→ **WORK TO BE COMPLETED**
Repeat word for word the lines from the top of the records through the line containing "青铜方鼎代表较高的社会等级,整个商周时期", and skip the pictures.
=== DATA ===
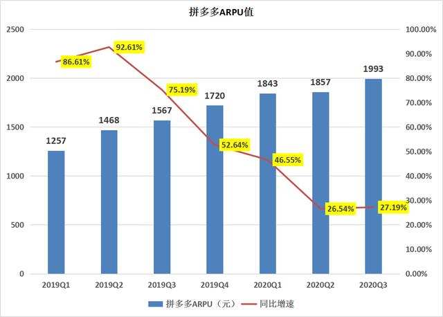 虽说拼多多年度活跃买家达到7.313亿,但亮眼的用户增长却未能驱动拼多多GMV实现更高增长。在业内人士看来,这主要受拼多多ARPU值提升有限影响。在本季度,拼多多的ARPU值为1993元,同比增加27.19%。
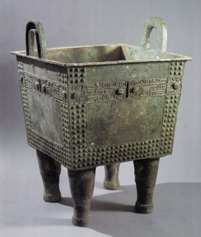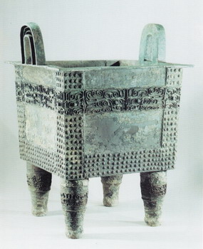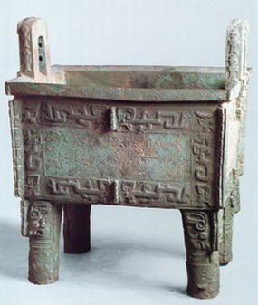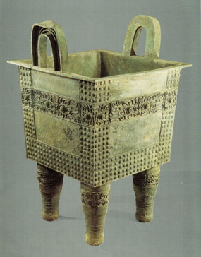 青铜方鼎代表较高的社会等级,整个商周时期,方鼎在青铜器中所占的比例极低。方鼎与通常所见的鼎最大的差别在于其“方”。《易•坤六二》:“直、方、大。”注:“地体安静,是其方也。”《淮南子•天文训》中有:“天道曰圆,地道曰方,方者主幽,圆者主明。”可以说方鼎是我国古代一种朴素自然观的反映。
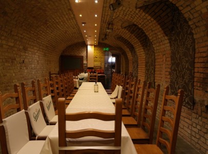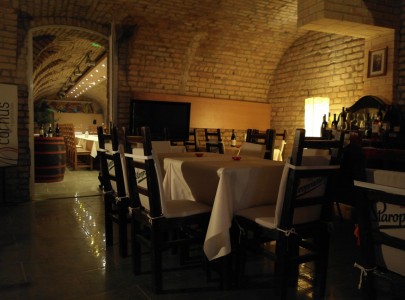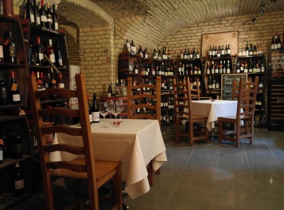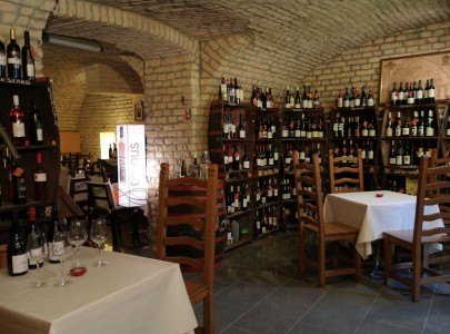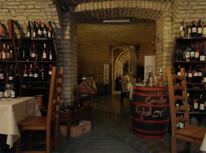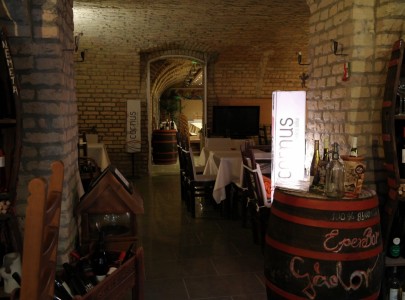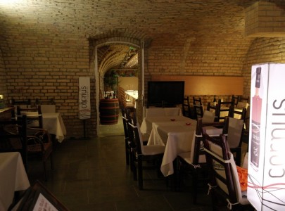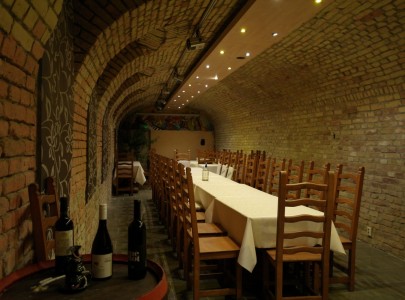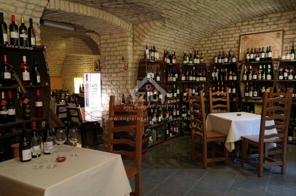 A mellette található (jelenleg átjáróval összekötött, de külön utcai bejárattal is rendelkező) gurmé borozó, étterem és különtermi rész (összesen 180m2) terméskő és tégla burkolatával és íves falaival autentikus borospince hangulatot áraszt, mindezt igényességgel és kifinomult stílussal karöltve. A jelenlegi kínálat bármely sommelier igényét kielégítené. Ez a rész 68 férőhelyes +maximum 20%.
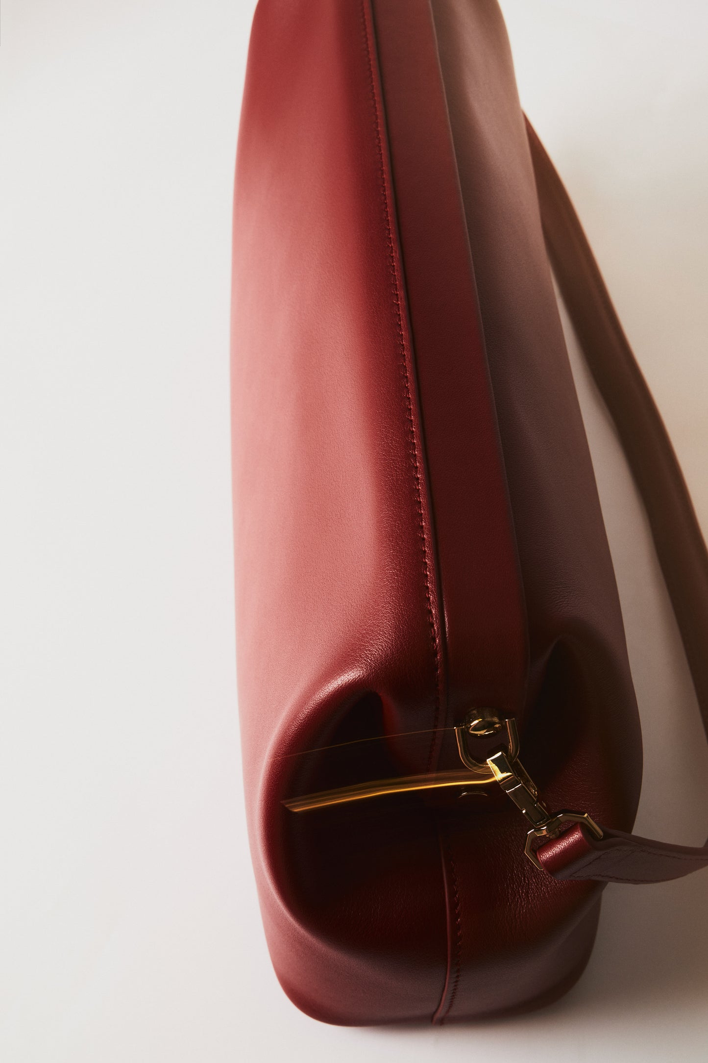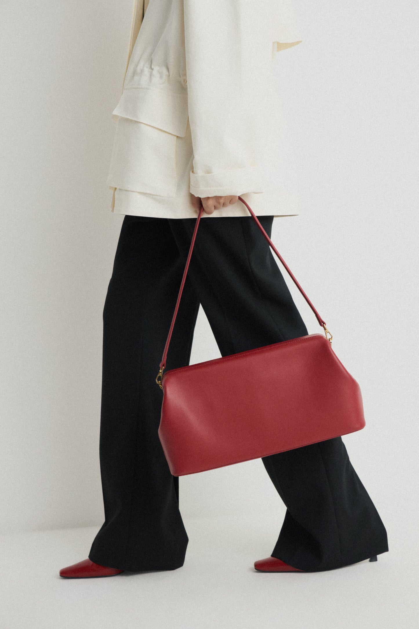Retro-style leather bag. Detachable top handle. Main compartment with metal closure. Interior features a cardholder-style pocket. Lined. Zip closure. Size: 38 х 10 х 19 cm (length х width х height).
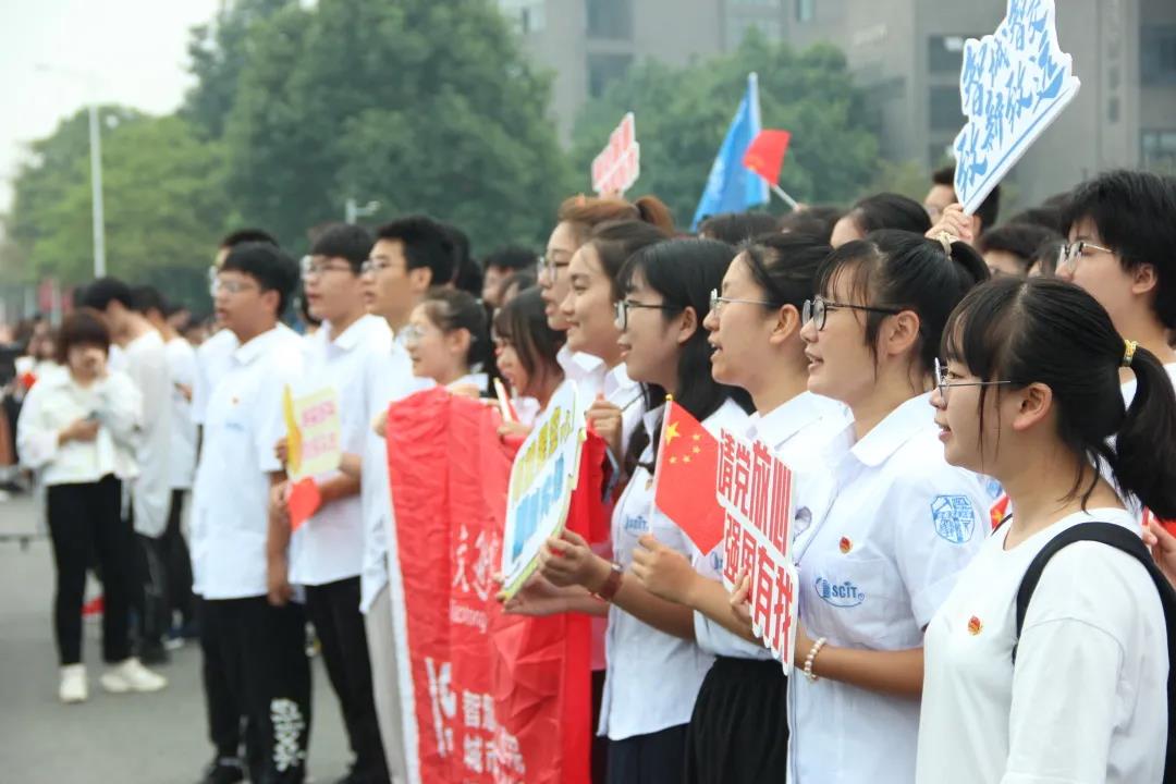 的师生聚集在犀浦校区东门国旗台下,庄严肃穆地等待着仪式开始,怀着激动的心情为祖国庆生。
===
→ **TASK RESULT**
 虽说拼多多年度活跃买家达到7.313亿,但亮眼的用户增长却未能驱动拼多多GMV实现更高增长。在业内人士看来,这主要受拼多多ARPU值提升有限影响。在本季度,拼多多的ARPU值为1993元,同比增加27.19%。
 青铜方鼎代表较高的社会等级,整个商周时期,方鼎在青铜器中所占的比例极低。方鼎与通常所见的鼎最大的差别在于其“方”。《易•坤六二》:“直、方、大。”注:“地体安静,是其方也。”《淮南子•天文训》中有:“天道曰圆,地道曰方,方者主幽,圆者主明。”可以说方鼎是我国古代一种朴素自然观的反映。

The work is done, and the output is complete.